Immunosuppression is a hallmark of most cancer entities and is pivotal for cancer growth and progression (1, 2). In recent years, accumulating data highlighted myeloid-derived suppressor cells (MDSC) as one of the main driver of an immunosuppressive tumor microenvironment (TME) (3). Their accumulation and activation correlated with tumor progression, metastasis, and recurrence of many types of tumors. In addition, the efficacy of immunotherapy was negatively correlated with an increased MDSC frequency and activity (4, 5). Therefore, targeting MDSC becomes a promising treatment approach to overcome tumor progression and tumor-mediated immunosuppression.
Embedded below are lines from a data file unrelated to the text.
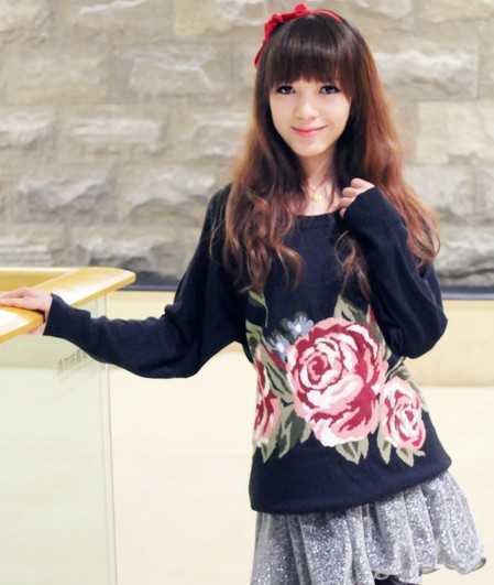 2013最时尚的一款长卷烫发,碎刘海的打造展现出甜美感,红棕色的发色最时尚了,两颊的长卷烫发散落在肩上,清纯感滋生。
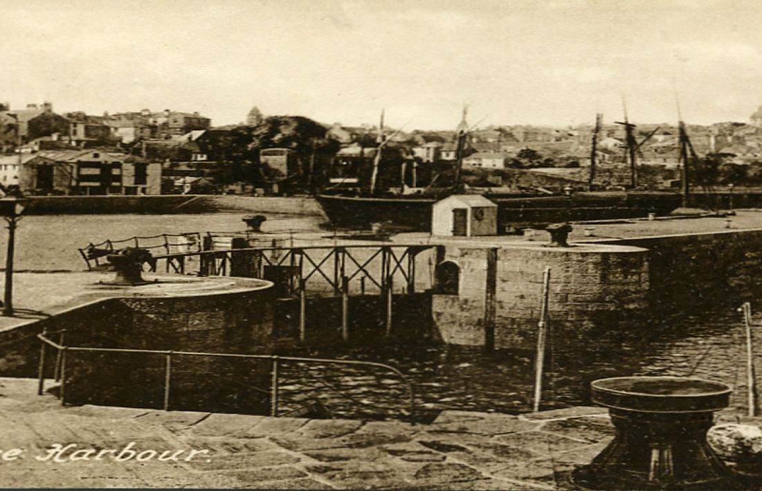 Scandinavian ships with a cargo of timber on the quay at Penzance
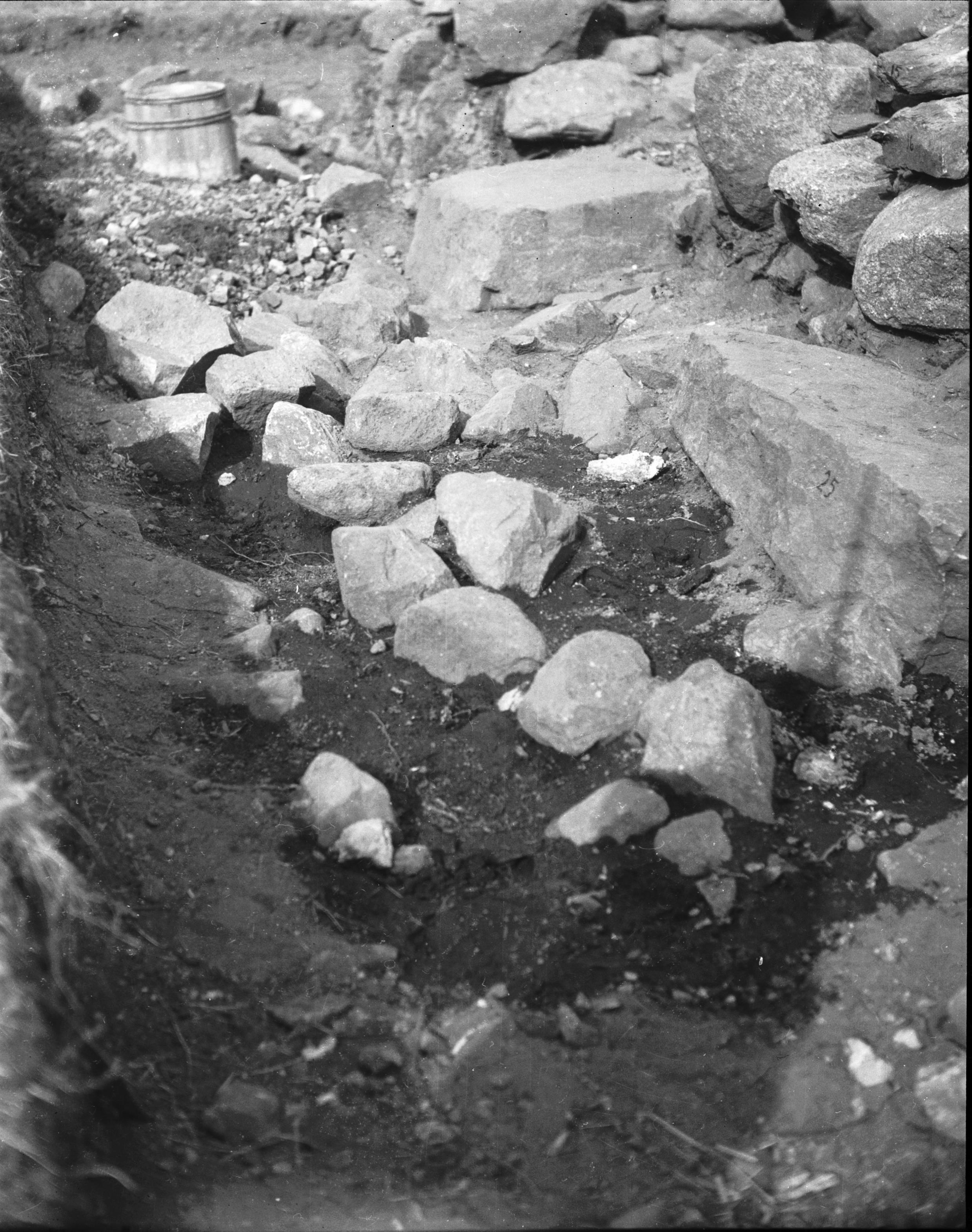Klosterruinen, A - huset, stensättning framför västra sidan, mot sydväst.
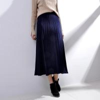 衣姣人(YIJIAOREN)女装复古港味韩版chic风高腰显瘦钻石绒金色百褶裙半身裙女潮金色均码
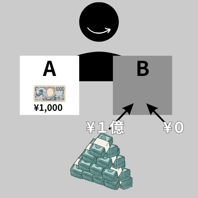 あなたは悪魔を名乗る人物からAには1000円、Bには1億円が入っていることを知らされる。ここであなたには2つの選択肢が与えられる;
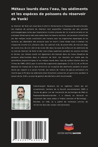 Le réservoir de Yonki est situé dans le district de Kainantu en Papouasie-Nouvelle-Guinée. Les espèces de poissons du réservoir sont aujourd'hui menacées par des activités anthropogéniques telles que l'exploitation minière alluviale de l'or à petite échelle et les pratiques d'évacuation des eaux usées dans les bassins versants. Les poissons contaminés par des métaux lourds constituent une menace pour les organismes aquatiques et les humains, qui dépendent des poissons pour se nourrir. Cette étude visait à évaluer les niveaux de chrome (Cr), d'arsenic (As), de cadmium (Cd), de plomb (Pb), de mercure (Hg), de cuivre (Cu), de zinc (Zn) et de nickel (Ni) dans les eaux de surface et les sédiments de la zone du réservoir de Yonki et des cours d'eau supérieurs pendant les saisons humides et sèches. Les métaux lourds ont également été évalués dans les tissus d'espèces de poissons sélectionnées dans le réservoir de Yonki. Les résultats ont révélé que les paramètres physiochimiques et les métaux lourds dans l'eau de surface étaient dans les limites de l'OMS (2011) pour la survie des organismes aquatiques. Cr, Cd, Cu, Ni, et Pb ont dépassé les niveaux de la ligne directrice sur la qualité des sédiments pendant la saison sèche par rapport à la saison humide. Les valeurs de l'indice de géo-accumulation ont montré que le Pb dans les sédiments était fortement contaminé, en particulier pendant la saison sèche. Enfin, un plan de gestion des déchets a été recommandé.

Myeloid-derived suppressor cells represent a heterogeneous population of immature myeloid cells (IMC) that fail to terminally differentiate and exhibit a strong capacity to suppress the functions of T and NK cells (6–9). Under healthy conditions, IMC differentiate into macrophages, dendritic cells (DCs), or granulocytes. During an acute inflammation, IMC expand and differentiate mainly into monocytes and activated neutrophils (7). This process, known as myelopoiesis, is essential to protect the host from pathological conditions. In contrast to acute inflammation, chronic inflammation and cancer are characterized by a persistent release of signals of low stimulatory intensity (10–12). Although these stimuli still activate myelopoiesis, the accumulating IMC fail to completely differentiate into activated neutrophils and monocytes. Instead, the long-term inflammatory signals create conditions for the expansion and activation of MDSC (13, 14). They migrate to the site of inflammation, lymphoid organs, and pre-metastatic niches and promote tumor progression by immunological and non-immunological mechanisms (15). Figure 1 illustrates the biology and functions of MDSC during tumor progression.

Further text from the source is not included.